(WORK TASK): For the records below, please print exactly and only the lines from the one with "Всего один храповый" down to the one with "Check what’s causing", both ends included, omitting the pictures.
*** Opening EXTRACTED ENTRIES ***
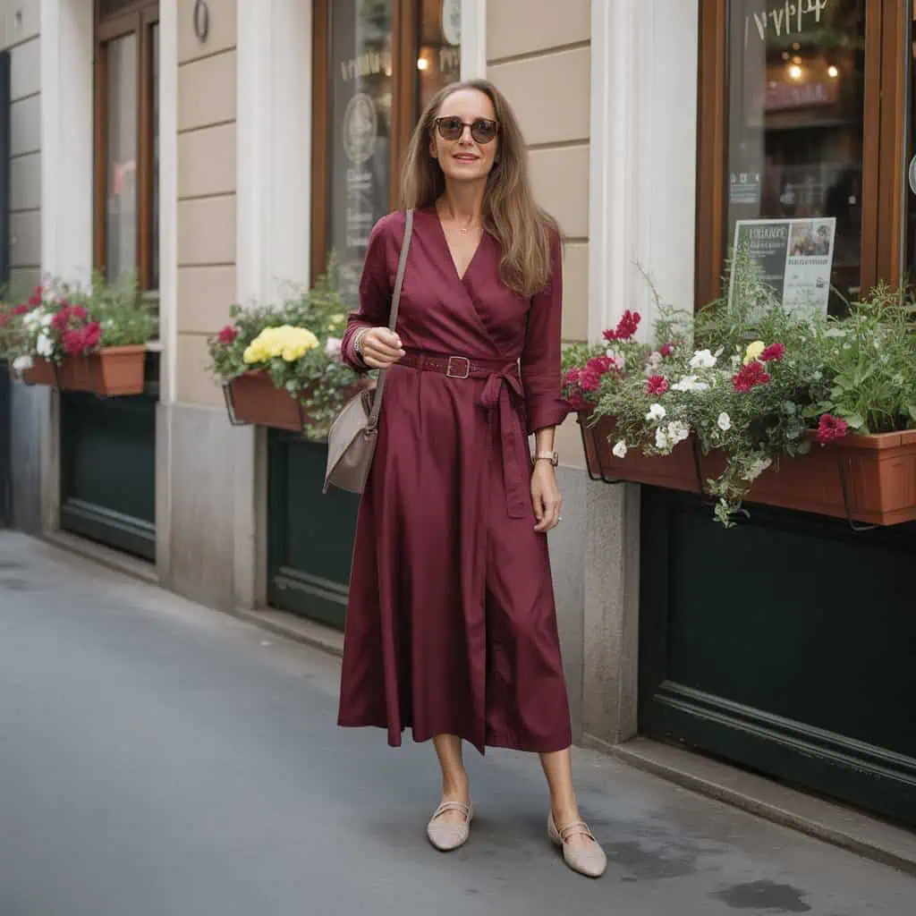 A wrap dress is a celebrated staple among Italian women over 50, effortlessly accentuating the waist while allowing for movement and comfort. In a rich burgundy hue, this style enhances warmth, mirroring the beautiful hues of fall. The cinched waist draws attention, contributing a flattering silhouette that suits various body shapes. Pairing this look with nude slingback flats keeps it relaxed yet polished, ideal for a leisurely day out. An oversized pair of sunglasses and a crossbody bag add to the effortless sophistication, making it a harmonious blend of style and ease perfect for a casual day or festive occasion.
*** Closing EXTRACTED ENTRIES ***
*** Opening EXTRACTED ENTRIES ***
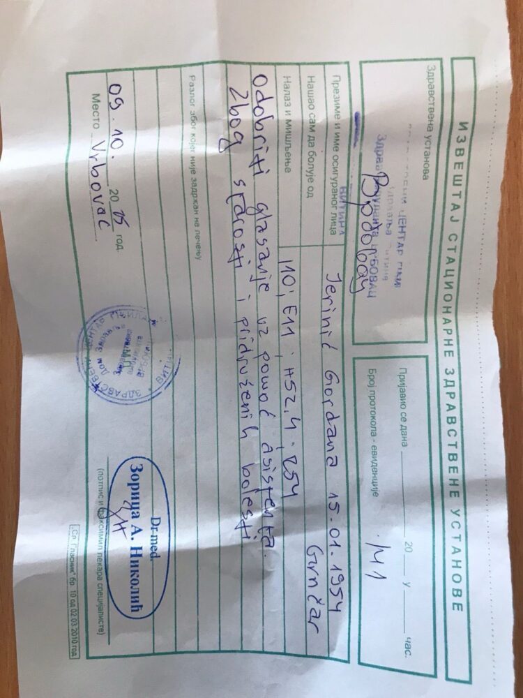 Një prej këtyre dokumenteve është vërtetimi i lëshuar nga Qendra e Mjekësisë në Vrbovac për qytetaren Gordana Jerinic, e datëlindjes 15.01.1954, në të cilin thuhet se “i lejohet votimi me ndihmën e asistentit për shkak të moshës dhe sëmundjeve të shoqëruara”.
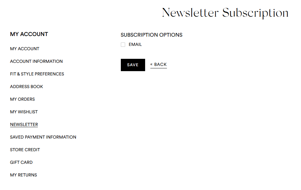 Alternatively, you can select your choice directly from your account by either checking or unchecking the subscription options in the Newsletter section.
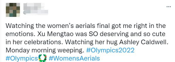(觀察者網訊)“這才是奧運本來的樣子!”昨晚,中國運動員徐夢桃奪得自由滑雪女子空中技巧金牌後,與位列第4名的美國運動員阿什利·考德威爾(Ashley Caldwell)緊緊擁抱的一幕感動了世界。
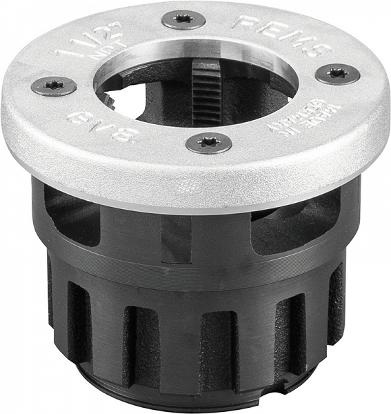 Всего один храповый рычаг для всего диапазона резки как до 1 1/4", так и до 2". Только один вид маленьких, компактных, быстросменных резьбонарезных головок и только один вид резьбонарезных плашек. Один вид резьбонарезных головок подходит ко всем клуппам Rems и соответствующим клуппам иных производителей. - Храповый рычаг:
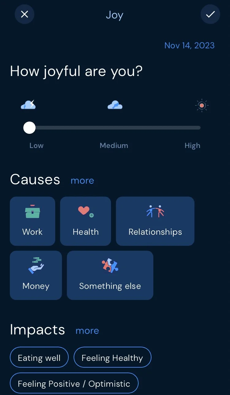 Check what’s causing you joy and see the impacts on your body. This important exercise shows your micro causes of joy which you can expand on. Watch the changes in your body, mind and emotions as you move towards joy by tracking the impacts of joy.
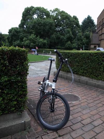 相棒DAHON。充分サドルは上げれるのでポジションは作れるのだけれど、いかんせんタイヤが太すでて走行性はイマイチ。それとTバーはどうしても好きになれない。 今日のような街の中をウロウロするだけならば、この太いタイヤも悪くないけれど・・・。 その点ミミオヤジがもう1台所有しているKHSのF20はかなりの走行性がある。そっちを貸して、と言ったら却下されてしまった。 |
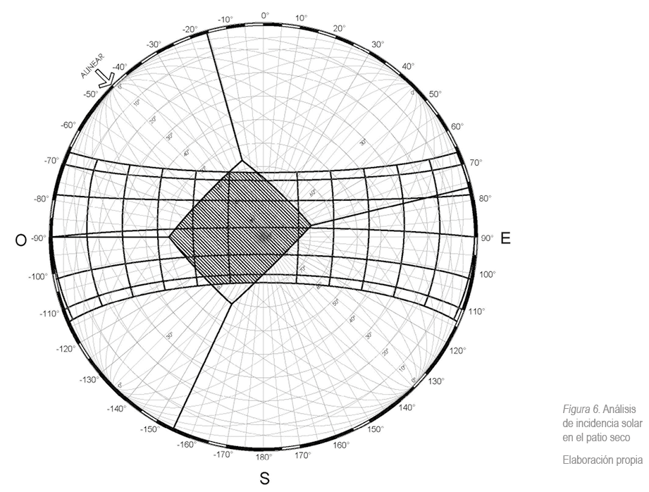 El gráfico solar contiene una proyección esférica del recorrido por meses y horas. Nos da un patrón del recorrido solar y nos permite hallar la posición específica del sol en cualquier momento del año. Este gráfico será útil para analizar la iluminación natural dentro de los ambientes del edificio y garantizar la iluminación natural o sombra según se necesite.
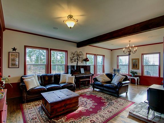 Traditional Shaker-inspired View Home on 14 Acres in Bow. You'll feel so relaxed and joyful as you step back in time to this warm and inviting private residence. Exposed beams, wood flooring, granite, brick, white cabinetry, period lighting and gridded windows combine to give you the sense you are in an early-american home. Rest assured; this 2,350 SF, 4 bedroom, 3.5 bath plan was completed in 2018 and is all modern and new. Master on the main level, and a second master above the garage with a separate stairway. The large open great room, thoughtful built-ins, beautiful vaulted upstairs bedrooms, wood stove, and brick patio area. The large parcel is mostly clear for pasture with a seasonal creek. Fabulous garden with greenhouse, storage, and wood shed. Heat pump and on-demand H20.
*** Closing EXTRACTED ENTRIES ***
*** Opening EXTRACTED ENTRIES ***
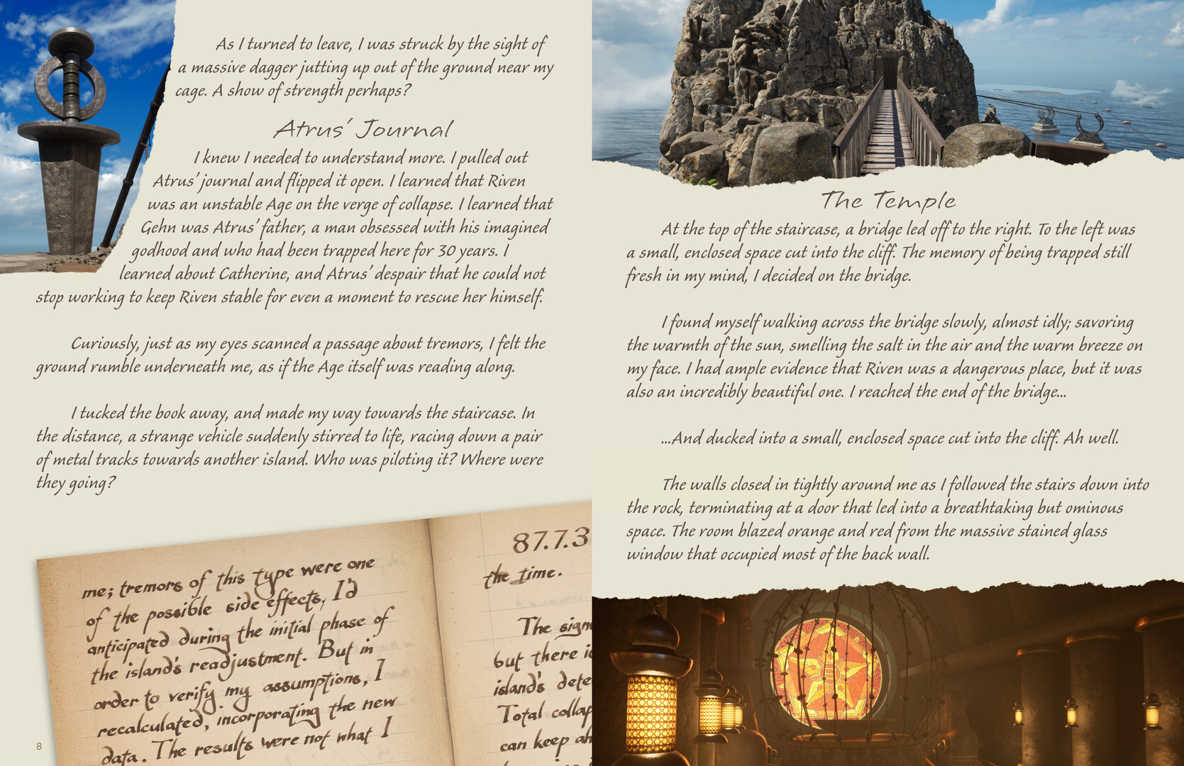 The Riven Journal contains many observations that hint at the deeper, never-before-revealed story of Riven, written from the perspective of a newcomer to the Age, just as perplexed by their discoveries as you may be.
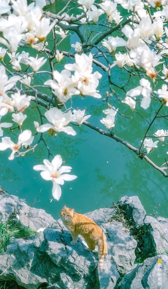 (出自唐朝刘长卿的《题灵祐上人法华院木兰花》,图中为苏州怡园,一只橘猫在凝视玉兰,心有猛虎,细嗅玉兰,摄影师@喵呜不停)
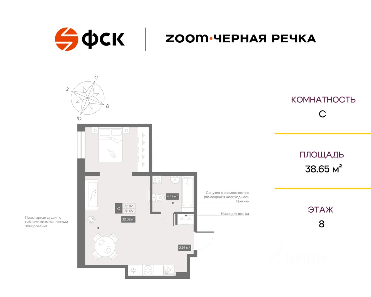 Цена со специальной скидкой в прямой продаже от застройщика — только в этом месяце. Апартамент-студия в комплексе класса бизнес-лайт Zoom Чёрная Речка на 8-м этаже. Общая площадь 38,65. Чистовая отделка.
*** Closing EXTRACTED ENTRIES ***
(THE ANSWER):
 Всего один храповый рычаг для всего диапазона резки как до 1 1/4", так и до 2". Только один вид маленьких, компактных, быстросменных резьбонарезных головок и только один вид резьбонарезных плашек. Один вид резьбонарезных головок подходит ко всем клуппам Rems и соответствующим клуппам иных производителей. - Храповый рычаг:
 Check what’s causing you joy and see the impacts on your body. This important exercise shows your micro causes of joy which you can expand on. Watch the changes in your body, mind and emotions as you move towards joy by tracking the impacts of joy.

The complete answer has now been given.